Enterprise telecom expenditure is still quite a niche subject once you get into the detail of it.
From a data perspective, it overlaps all the services that make up the essential communication network within companies, the onion-like layers of supplier terms & conditions, and vast complexity that goes into the supplier-end operations to supply a service.
It’s very common today to focus on the top-line issues, i.e. what’s your overall service requirements, and what’s the best deal I can negotiate from a supplier. Once these top-line issues are agreed and a Telecom contract is implemented, there is a hidden gold mine of efficiency opportunities that can alter how company departments operate while providing large improvements to the bottom-line expenditure.
Why is this hidden? Because finding the efficiency opportunities, and executing them, are found through rigorous data & business analytics that extend past the capabilities most organisations have today.
This marks part of the Digital Finance Transformation, recognised as a key driving force for companies in the coming years. It’s also been found that most CFOs aren’t sure where to start on such a mammoth objective, evidenced by the level of funds still weighted towards traditional ways of working.
These points are raised in this McKinsey article, which also points out the approach of working in small pilot projects and successfully digitising the most critical tasks within finance, which allows the CFO to establish proof points and ease the eventual roll-out of digital technologies across the function (and other parts of the company).
What is the case then for using Telecom as a proof-point?
- Have you ever heard rumblings about the bills never being correct, even when they’re in your favour?
- Locked into commercial negotiations at end of year, because the bills need to be paid but there’s so many discrepancies that must be resolved first?
- Have a dedicated team reviewing every inch of the bill every month, on top of the normal administration?
Nothing is a greater opportunity sucker than not having a clean base.
And all these issues are not all tech-related, it’s caused by project updates not being communicated correctly, wrong assumptions about order requirements, discrepancies not being flagged quickly enough – compounding on a daily basis and when you have a large account these issues are exponentially magnified.
We all know the issues are solvable, so why aren’t they screams the account director?!
I managed an account with unpaid bills of around £7m, thanks to a national comms network that was never billed according to what was actually supplied and in compliance with the contract.
What was the guiding solution?
- Step 1) Establish a common database for every system and project report to be stored, with an abstraction method that related the raw data against how operations & contract managers would interpret the information.
- Step 2) Automate analytical patterns to gauge real-time project health and operational failures
- Step 3) Leverage the abstracted data to drive process simplification reviews
At the core, these three steps can be adapted to just about any use case within business operations that involve a complex number of data sources and co-ordination. It’s worth noting that while this example was implemented on the supplier-end it’s just as applicable on the client-end; data availability is a little different, but what is there all leads to the same outcomes.
So, why aren’t teams already doing it?
Given the rise of self-service analytic tools, business teams are becoming more tech & data savvy than ever before, empowered to look deeper and wider in their subject area, and has brought far better management reporting and general productivity.
Limits are found where there are a wide number of data sources that don’t integrate easily – think the dozen different reports that only make sense when the resident finance specialist sits down and looks through it all – made worse with unstructured documents (think legal contracts, emails, spreadsheets) that have multiple technical layers of data extraction, cleansing, interpretation, and attribution that aren’t possible to perform at scale without the right resources and focused technical leadership.

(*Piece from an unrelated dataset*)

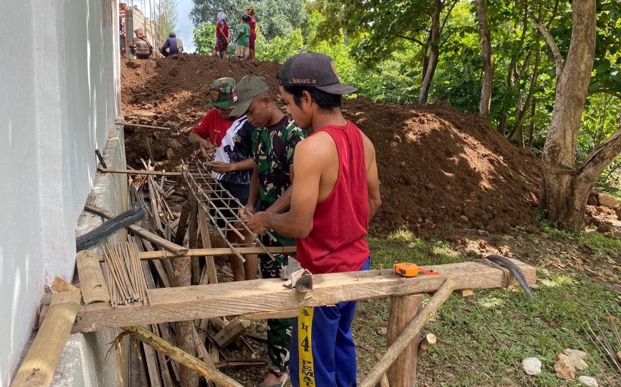 Kefamenanu, NTT – Kamis, 12 Februari 2026. Proses pembangunan empat ruang kelas baru di SMAN Bikomi Nilulat, Desa Sunkaen, menunjukkan kemajuan yang menggembirakan. Anggota Satgas TMMD Ke-127 dari Kodim 1618/TTU saat ini tengah berfokus pada tahap merangkai besi tiang cor, yang merupakan elemen penting dalam struktur bangunan.

We’ve spoken with many managers who are savvy of these challenges and actively look to work out solutions, but with little success due to lack of time & resource and a general challenge to quantity benefits beyond a general sense, ultimately making this type of work a distraction from core functions (sounds familiar to the CFO’s challenge breaking down finance digitisation strategies). Existing packaged solutions focus on existing well-defined processes that can have a measured step-change improvement.
Industry trends like cheaper ML (though still only at the beginning of democratising appropriate, powerful use cases), user-friendly data integration tools, and the big cloud platforms (Azure, AWS, GCP etc.) are making it easier to spin up production-grade data solutions with the right knowledge investment.
These factors point to a rise in packaged data platforms that solve the data integration and abstraction effort for business teams, automate predictable analytical patterns, and provide a path for business teams to self-improve their work models. At TMS, we’ve called this Contract Intelligence.